View from Sushisamba, opening later this week
Later this week, on the east side of London, something remarkable is to happen. A venture on an epic scale. The sort of thing we thought we’d never see in London. Those present at the opening will be able to tell their grandchildren: “I was there”.
The Olympics? No, we’re not concerned with something so earth-bound. We’re talking about a venture that’s heading for the stars. Well, to be precise the 38th, 39th and 40th floors of the City’s new Heron Tower, which are to see the opening of one of the largest elevated restaurants anywhere in the world.
Sushisamba (38th/39th floors) will offer not just the highest outdoor dining in the UK, but also the highest bar in Europe.
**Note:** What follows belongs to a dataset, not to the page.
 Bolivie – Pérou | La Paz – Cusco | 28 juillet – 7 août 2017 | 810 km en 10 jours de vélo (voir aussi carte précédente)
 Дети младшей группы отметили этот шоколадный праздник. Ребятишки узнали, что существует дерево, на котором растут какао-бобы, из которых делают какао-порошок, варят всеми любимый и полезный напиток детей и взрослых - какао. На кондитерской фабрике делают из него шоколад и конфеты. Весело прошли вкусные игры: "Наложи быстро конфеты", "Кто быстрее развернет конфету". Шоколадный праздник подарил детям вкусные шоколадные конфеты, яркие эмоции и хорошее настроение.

Still not impressed? Up on the 40th floor, Duck & Waffle (to open in a few weeks) will be London’s only high-quality 24/7 restaurant.
Here’s a view of the main restaurant from a site visit a couple of weeks ago:
Together, the two restaurants will cater for 250 seated diners (with a couple of hundred more knocking back drinks in the bars and on the terraces). If it all works, this is going to be a palace of drinking and dining on a scale which is relatively rare at ground level. Forty floors up, and with much al fresco space – for both drinking and dining – it is truly remarkable. Here’s one of the - vast – terraces from that site visit.
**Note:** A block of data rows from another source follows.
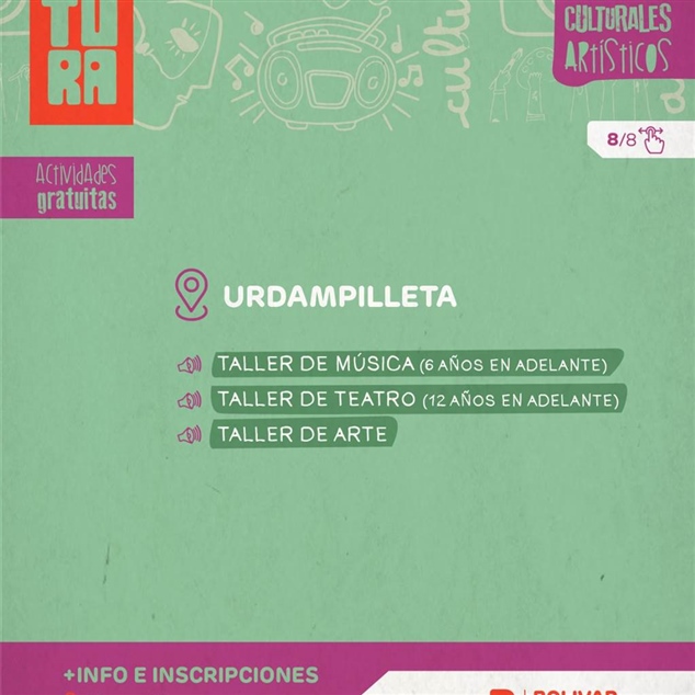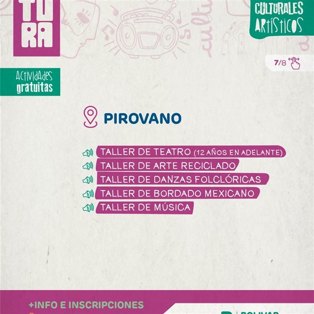 En las localidades, la propuesta también se fortalece: en Pirovano habrá talleres de teatro, arte reciclado, danzas folclóricas, bordado mexicano y música; mientras que en Urdampilleta se dictarán talleres de música, teatro y arte. En ambos casos, la inscripción se realiza en la Dirección de Cultura.
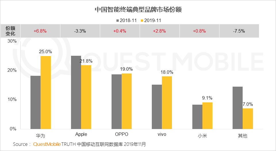 而基于消费场景构建的金融路径,已经成为带动支付、理财等领域增长的关键。在终端层面,5G到来,在拍照、流畅度、技术创新等要素影响下,华为手机已经超过苹果位居首位,OPPO、vivo、小米也在扩大市场份额。
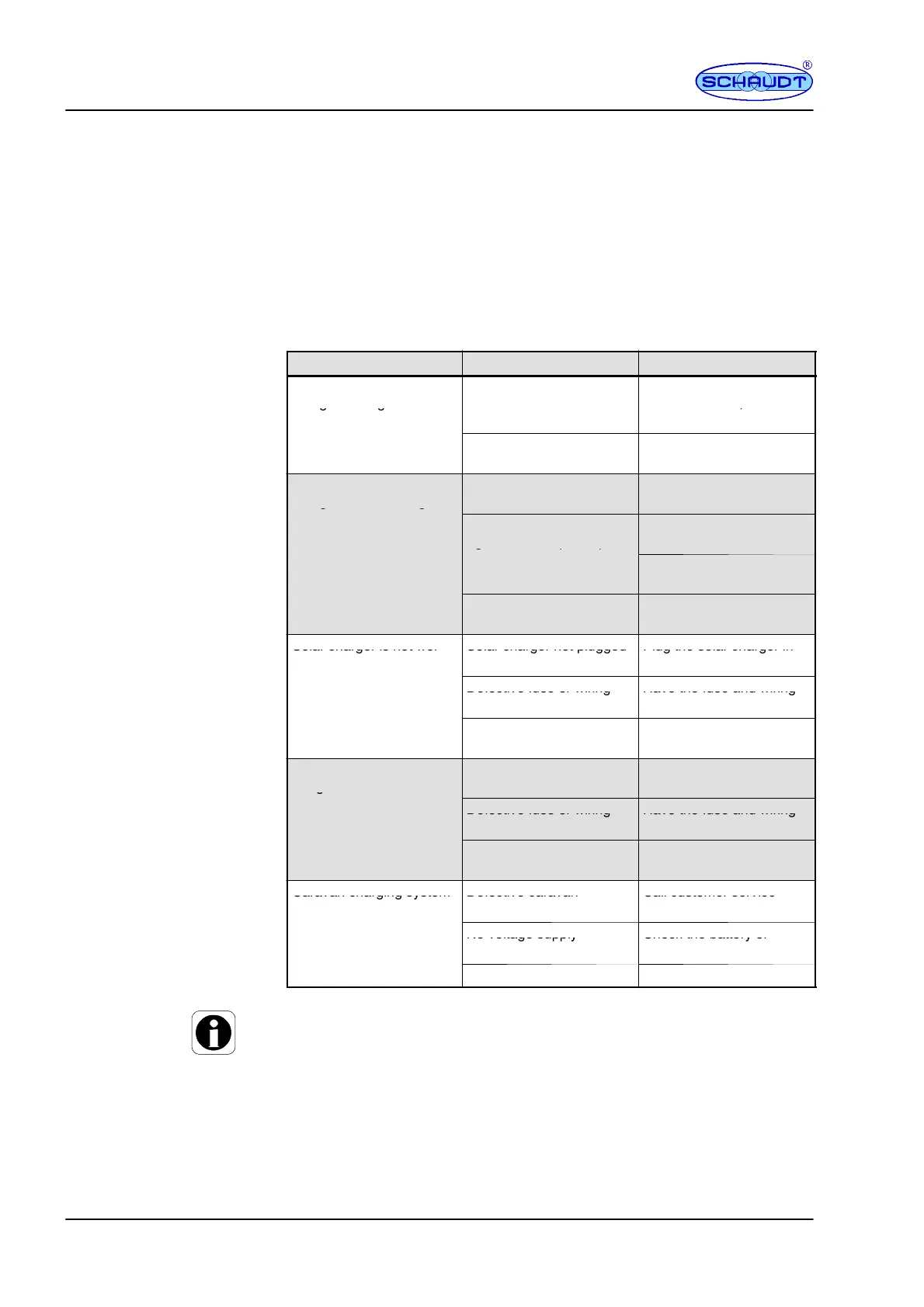 Solar charger is not wor- Solar charger not plugged Plug the solar charger in
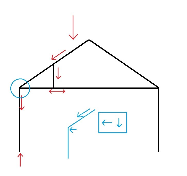 en kraft som tas upp snett kan delas upp i komposanterna, det betyder att du bör ha löst infästningen av ytterväggen och planera för att underramen håller in ytterväggarna för att inte tak + väggar ska göra en Bambi på hal is, dvs lägga sig ner.
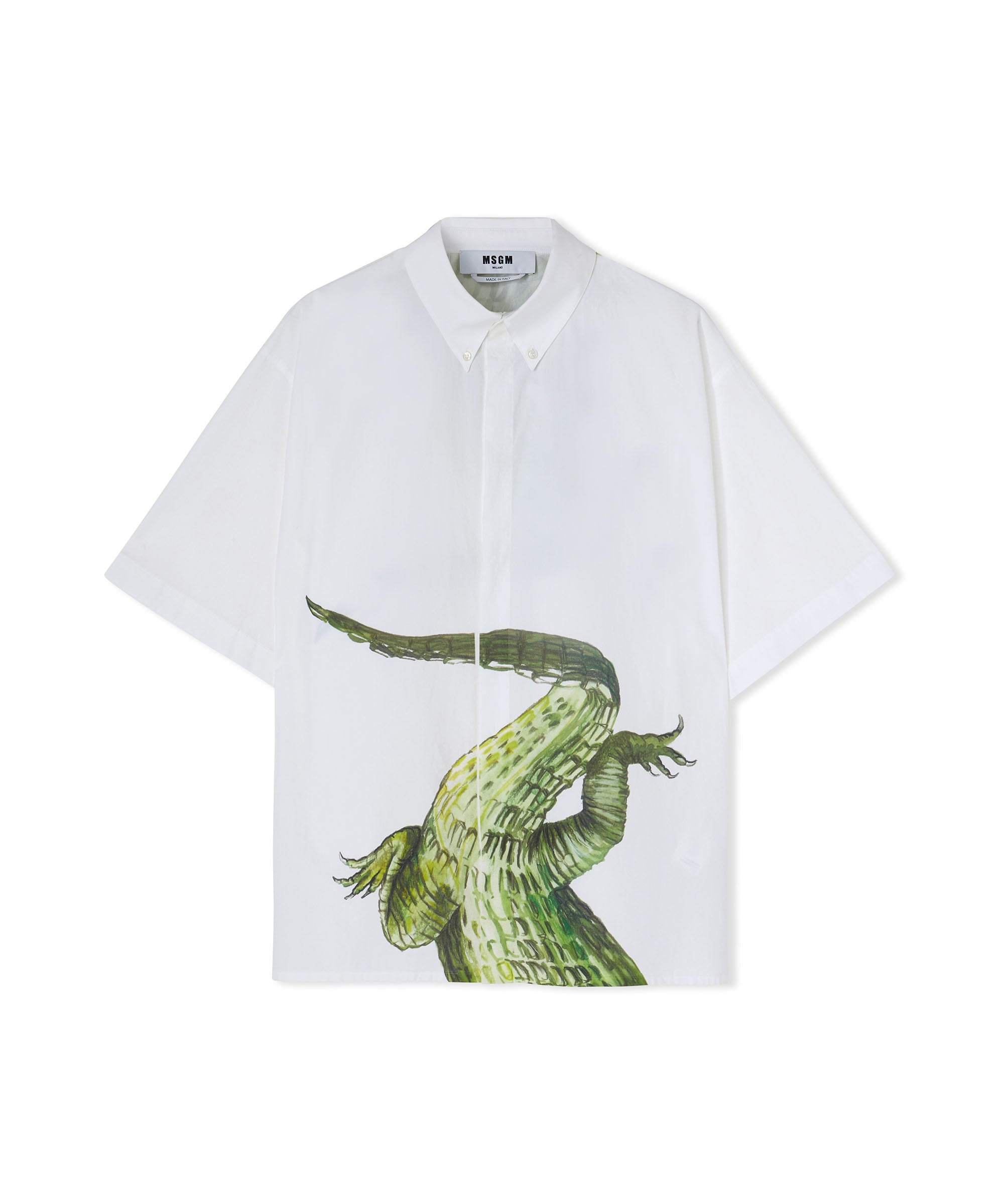 Organic poplin cotton shirt with "crocodile" print on front and back. Classic collar, front closure with buttons and straight bottom. Label with logo placed on the back of the collar. Regular fit. The model (male) is wearing a size 41 (Height : 188 cm - Chest : 91 cm - Waist : 73 cm - Hips : 94 cm) CODE: 3440ME23X-237008-01 Details and fit - 100% COO - The model (male) is wearing a size 41 (Height : 188 cm - Chest : 91 cm - Waist : 73 cm - Hips : 94 cm) - For information about a product, care and materials, please call us at +39 02 9475 5343 or contact us through Chat. You can also get help by filling out the form in the Help section.

How remarkable is this all really going to be? Well, we can’t think of anything vaguely comparable in New York, Sushisamba’s home base. In fact, elevated restaurants in the skyscrapers of the Gulf States or the cities rising in the East tend to be relatively small, very high-end affairs, and without much in the way of outdoor drinking and dining.
Perhaps the most obvious establishment to combine al fresco bar and restaurant at a high level is the Sky Bar/Sirocco Restaurant complex on the 63rd floor of the Lebua State Tower in Bangkok. Here's a view of that restaurant, with Bangkok in the background.
Higher, certainly, than Sushisamba, and more architecturally splashy, but not on nearly the same scale.
Will the London venture work? Watch this space.